As Offutt cites his litany of federal offenses, his anger builds. He believes federal land managers are engaged in a deliberate campaign to stifle development in the county as revenge for its passage in 1993 of two resolutions declaring its authority to manage federal lands. Offutt stands angrily smoking a cigarette. "There's no rationale for doing an archaeological study there. None at all. It's just a way of sticking an ice pick in the county."
Federal employees feel caught between empathy and the law. Ted Angle, an associate district manager of the BLM who once supervised its Nye lands, says the National Historic Preservation Act tied his hands. The law requires an archaeological review for any construction project on federal lands; the BLM's recommendations must in turn be reviewed by a state historic-preservation office, which must then report back to the BLM. "It's just not a negotiable thing for us," he says.
THE PHONE-LINE CASE TILTED toward absurdity, however, when the initial BLM report got lost--and nobody knew it until weeks later. The BLM resubmitted the report and got an expedited review, but in the meantime, Angle says, the county chose a newly available cellular service and blamed the BLM for taking too long. "You've got to understand local politics," says Angle, a self-described conservative Republican. "Dick Carver would love to embarrass the BLM as much as he can."
Offutt and his staff are still smarting from what they see as the latest vengeful snub by the government. Jim Nelson, supervisor of the Toiyabe and Humboldt national forests, was scheduled to meet with Nye's commissioners one day this summer to try to ease the mounting hostility. That morning one of Nelson's employees delivered a letter to the gathered commissioners stating that Nelson would not be coming after all; he says now he couldn't attend because of the pending Justice lawsuit. The commissioners weren't terribly surprised, says Rachel Nicholson, a county attorney also present in Offutt's office. Says she: "They expect to be kicked in the teeth every time, so they're used to it."
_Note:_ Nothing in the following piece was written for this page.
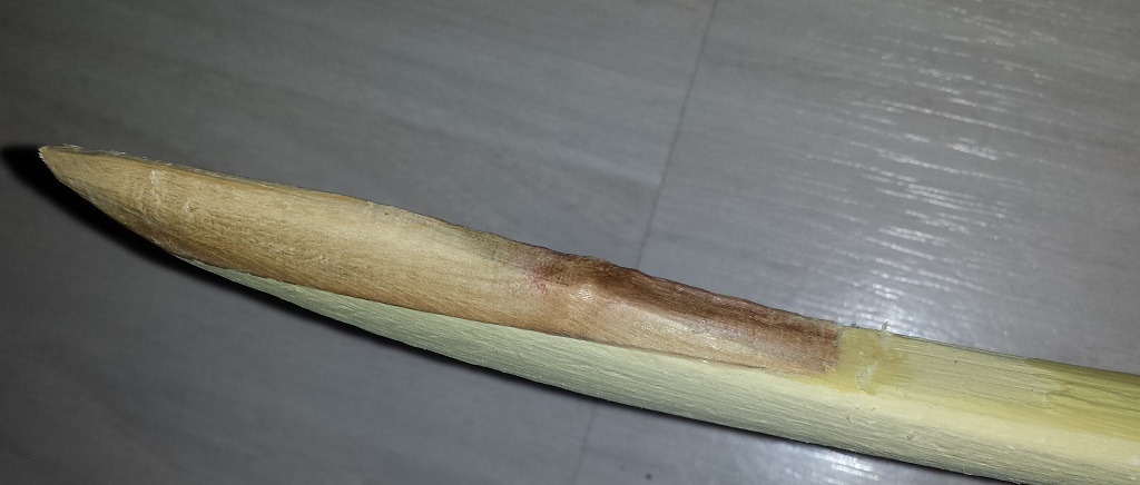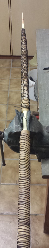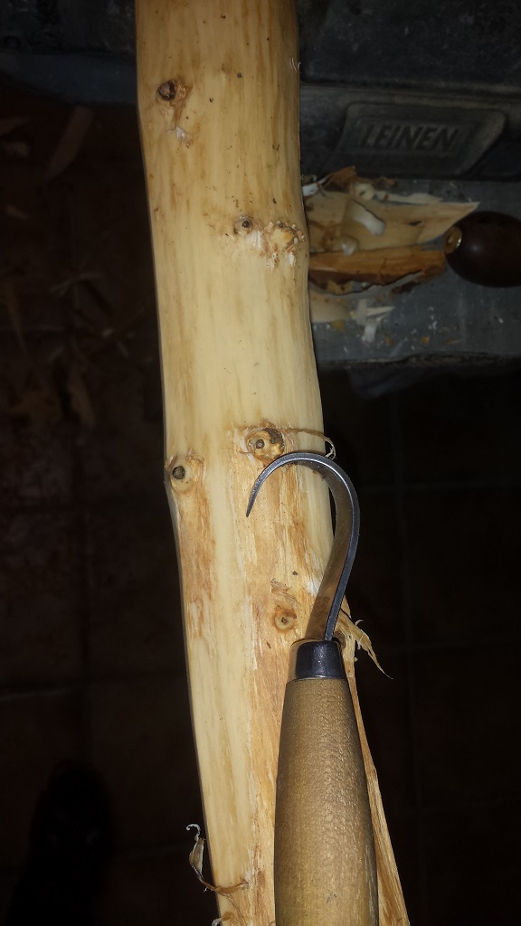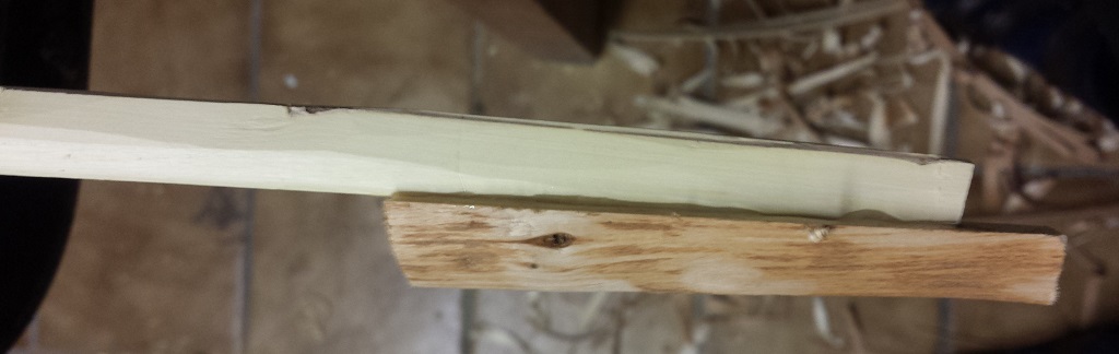 Die Rohhaut noch etwas dünner schleifen. Dann werden Nockkerben angebracht und dann gehts ans aufspannen tillern etc...

At one point the county offered an olive branch. Shocked by news of the bombing of Guy Pence's family van, the county called an emergency meeting and voted to offer a $100,000 reward to help find the culprit. But Nelson and Pence belittled the reward and blamed the county for helping conjure the lawless climate that led to the bombing. Stung, the county met again and unanimously withdrew the reward. "We didn't really expect gratitude," says Cameron McRae, chairman of the commission. "But we surely didn't expect to get it thrown in our faces."